ASSIGNED TASK
Leaving out the images, return the data below exactly as it is written.

Source records:
***

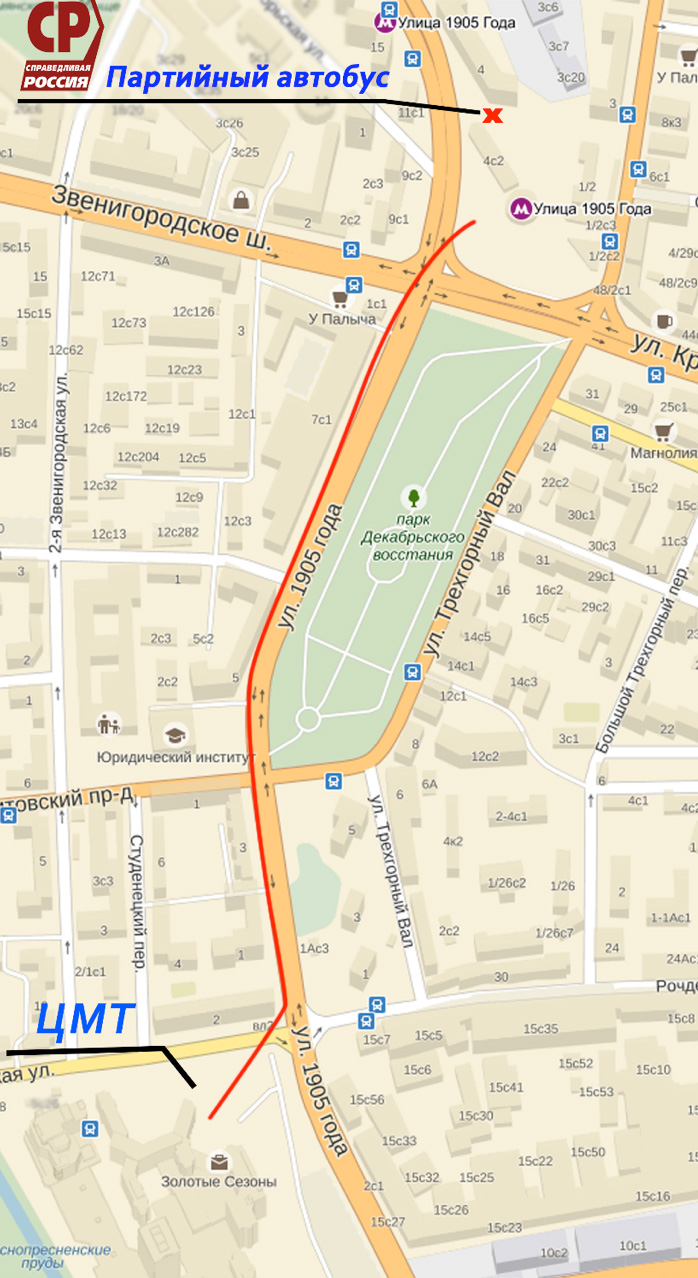 Схема организации проезда в Центр международной торговли от метро "Улица 1905 года"
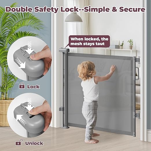 - Child Safety Lock with One Hand Operation: Mesh baby gate features a secure double lock that’s tough for toddlers but easy for adults. Designed for busy parents, easily open or close with one hand while holding a baby, groceries, or multitasking at home
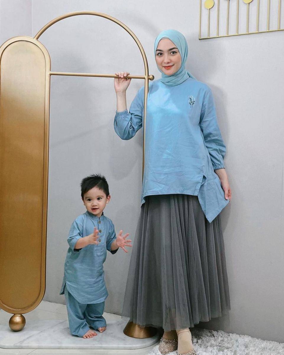 8. Kembaran dengan putranya, penampilan Ciki terlihat menawan dengan atasan berwarna biru muda
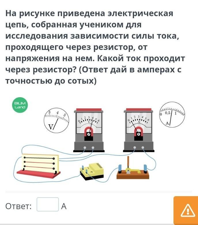 На рисунке приведена электрическая цепь, собранная учеником для исследования зависимости силы тока, проходящего через резистор, от напряжения на нем. Какой ток проходит через резистор? (Ответ дай в амперах с точностью до сотых)
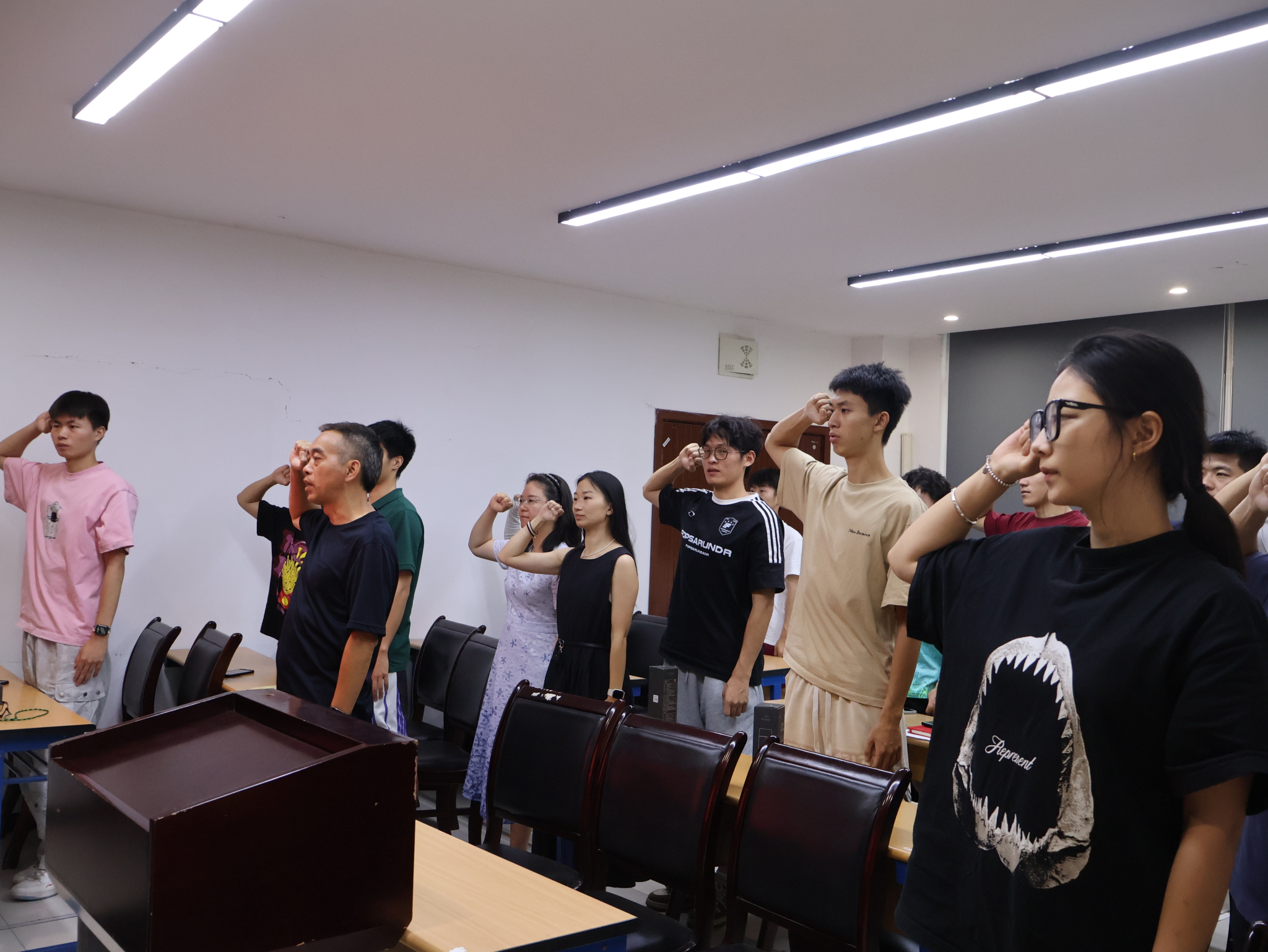 离校教育结束后,新党员入党宣誓仪式正式举行。在李永的领誓下,多位新党员面向党旗庄严宣誓:“我志愿加入中国共产党,拥护党的纲领,遵守党的章程……为共产主义奋斗终身,随时准备为党和人民牺牲一切,永不叛党。” 铿锵有力的誓词在会议室回荡,彰显了新党员对党的忠诚与信仰。
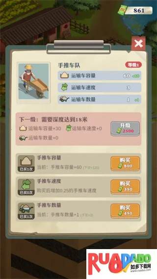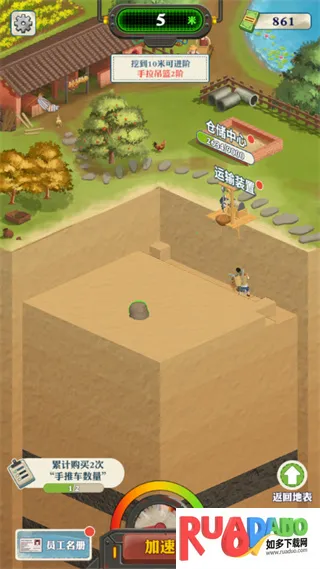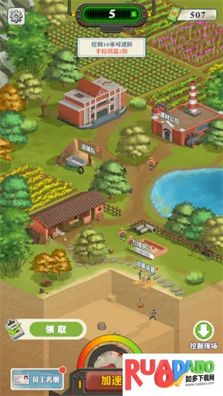 2. 模拟经营体验,升级挖掘装备、运输队、仓储中心提升效率。
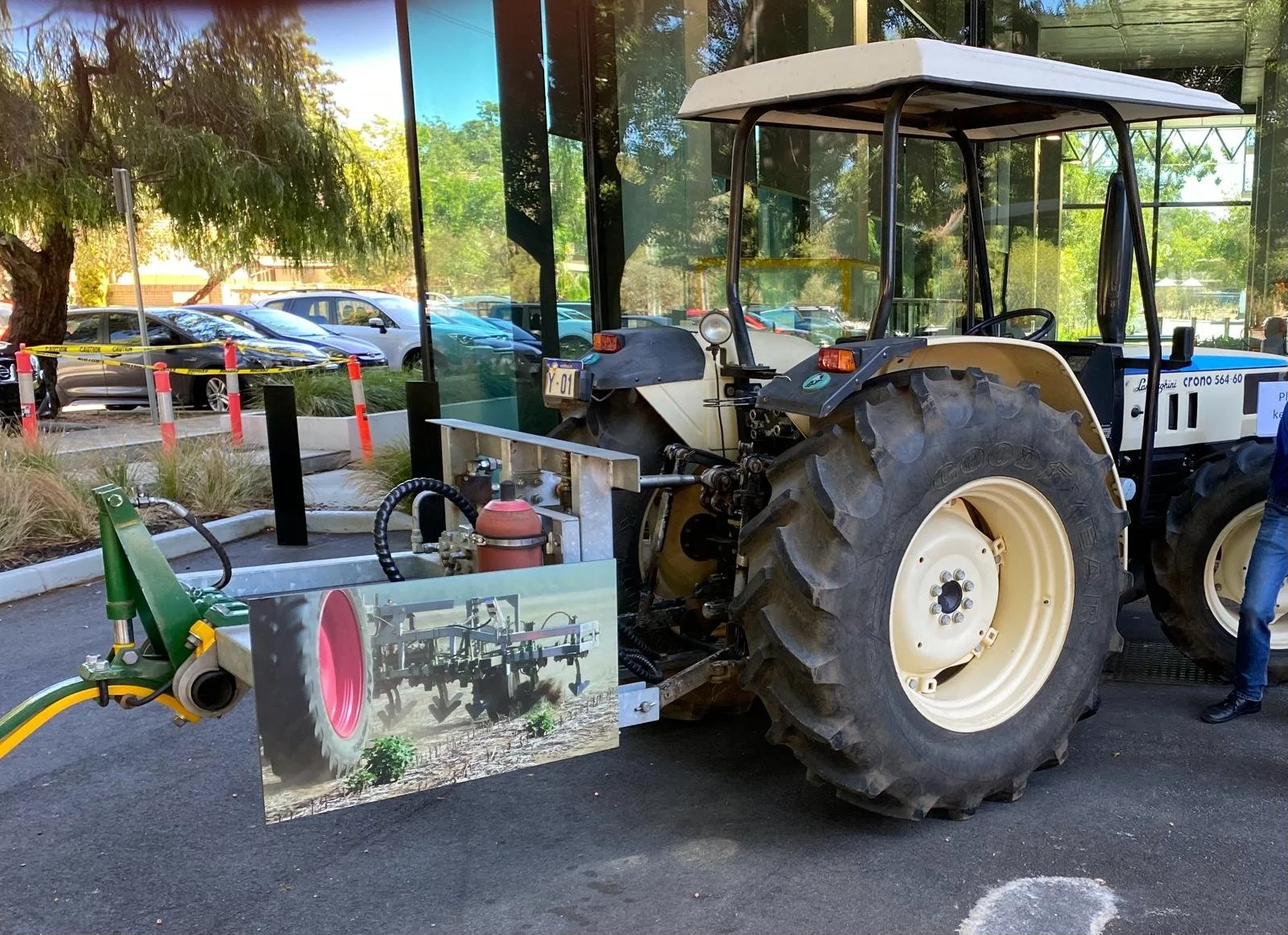 In addition to information and images showing the Centre’s R&D, a functional Seed Flaming device and Weed Chipper 3pt linkage module connect to the University’s Lamborghini tractor were on display.
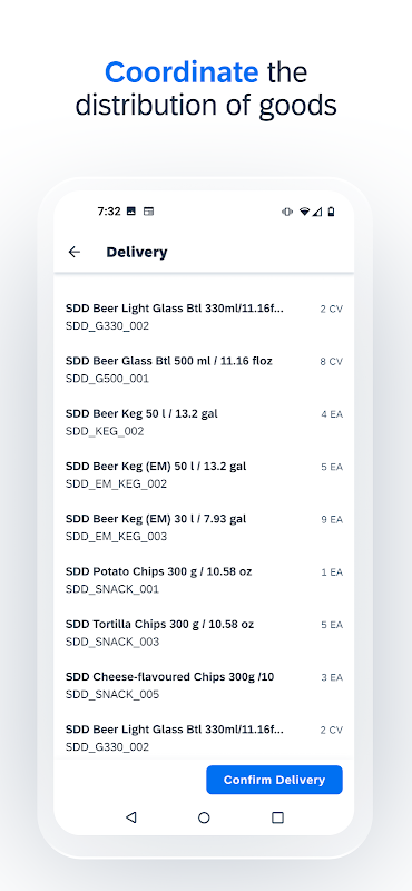 Android 向けの SAP Direct Distribution モバイルアプリでは、場所や時間を問わずに店舗直送を行うことができます。このアプリは SAP Direct Distribution のライトマイル配送と接続します。配達人は日常の配送経路をたどりつつ、Android デバイスから配送を行えるようになります。Android 向け SAP Direct Distribution の主な機能
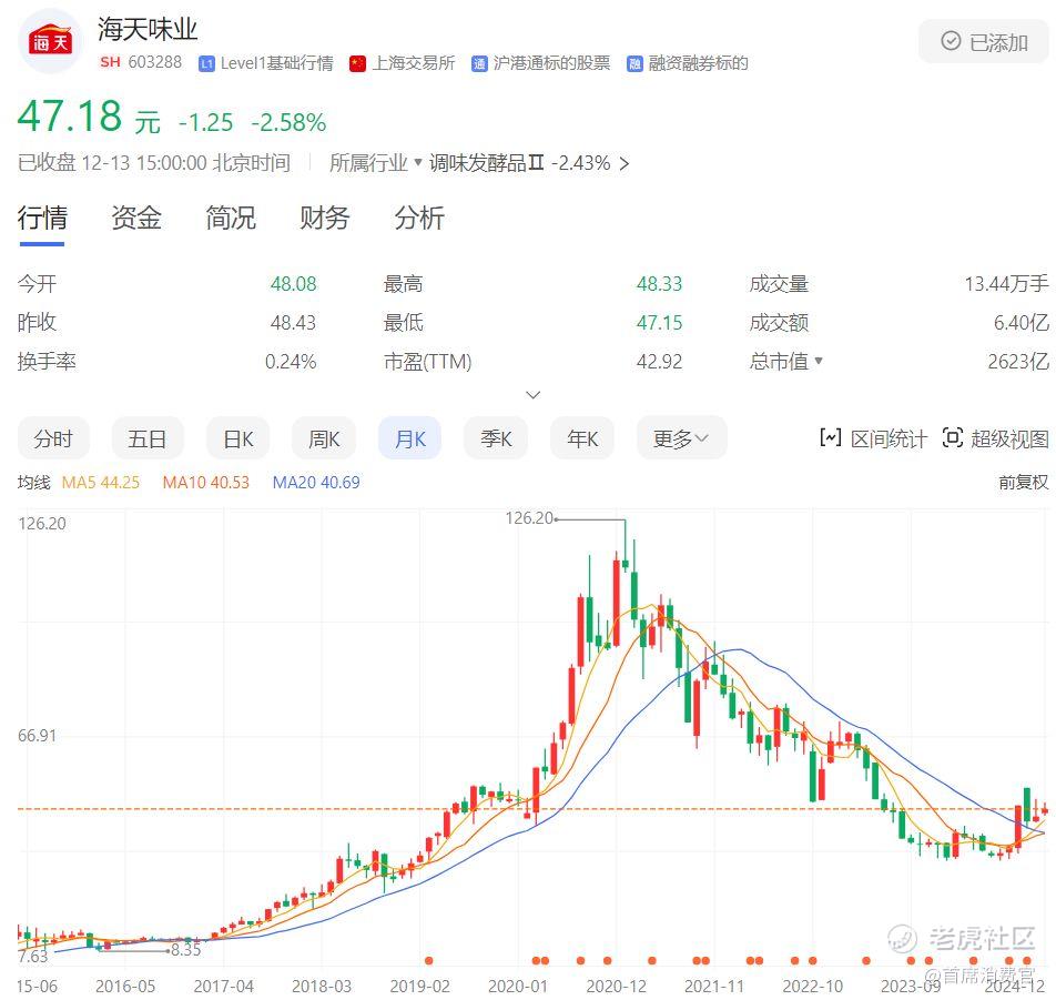 2014年2月,海天味业在A股上市,截止到12月12日收盘,股价为48.43元/股,市值达2693亿元,接近2700亿元市值,比起巅峰时期已经蒸发掉超4000亿元。

***

THE COMPLETED TASK
 Схема организации проезда в Центр международной торговли от метро "Улица 1905 года"
 - Child Safety Lock with One Hand Operation: Mesh baby gate features a secure double lock that’s tough for toddlers but easy for adults. Designed for busy parents, easily open or close with one hand while holding a baby, groceries, or multitasking at home
 8. Kembaran dengan putranya, penampilan Ciki terlihat menawan dengan atasan berwarna biru muda
 На рисунке приведена электрическая цепь, собранная учеником для исследования зависимости силы тока, проходящего через резистор, от напряжения на нем. Какой ток проходит через резистор? (Ответ дай в амперах с точностью до сотых)
 离校教育结束后,新党员入党宣誓仪式正式举行。在李永的领誓下,多位新党员面向党旗庄严宣誓:“我志愿加入中国共产党,拥护党的纲领,遵守党的章程……为共产主义奋斗终身,随时准备为党和人民牺牲一切,永不叛党。” 铿锵有力的誓词在会议室回荡,彰显了新党员对党的忠诚与信仰。
 2. 模拟经营体验,升级挖掘装备、运输队、仓储中心提升效率。
 In addition to information and images showing the Centre’s R&D, a functional Seed Flaming device and Weed Chipper 3pt linkage module connect to the University’s Lamborghini tractor were on display.
 Android 向けの SAP Direct Distribution モバイルアプリでは、場所や時間を問わずに店舗直送を行うことができます。このアプリは SAP Direct Distribution のライトマイル配送と接続します。配達人は日常の配送経路をたどりつつ、Android デバイスから配送を行えるようになります。Android 向け SAP Direct Distribution の主な機能
 2014年2月,海天味业在A股上市,截止到12月12日收盘,股价为48.43元/股,市值达2693亿元,接近2700亿元市值,比起巅峰时期已经蒸发掉超4000亿元。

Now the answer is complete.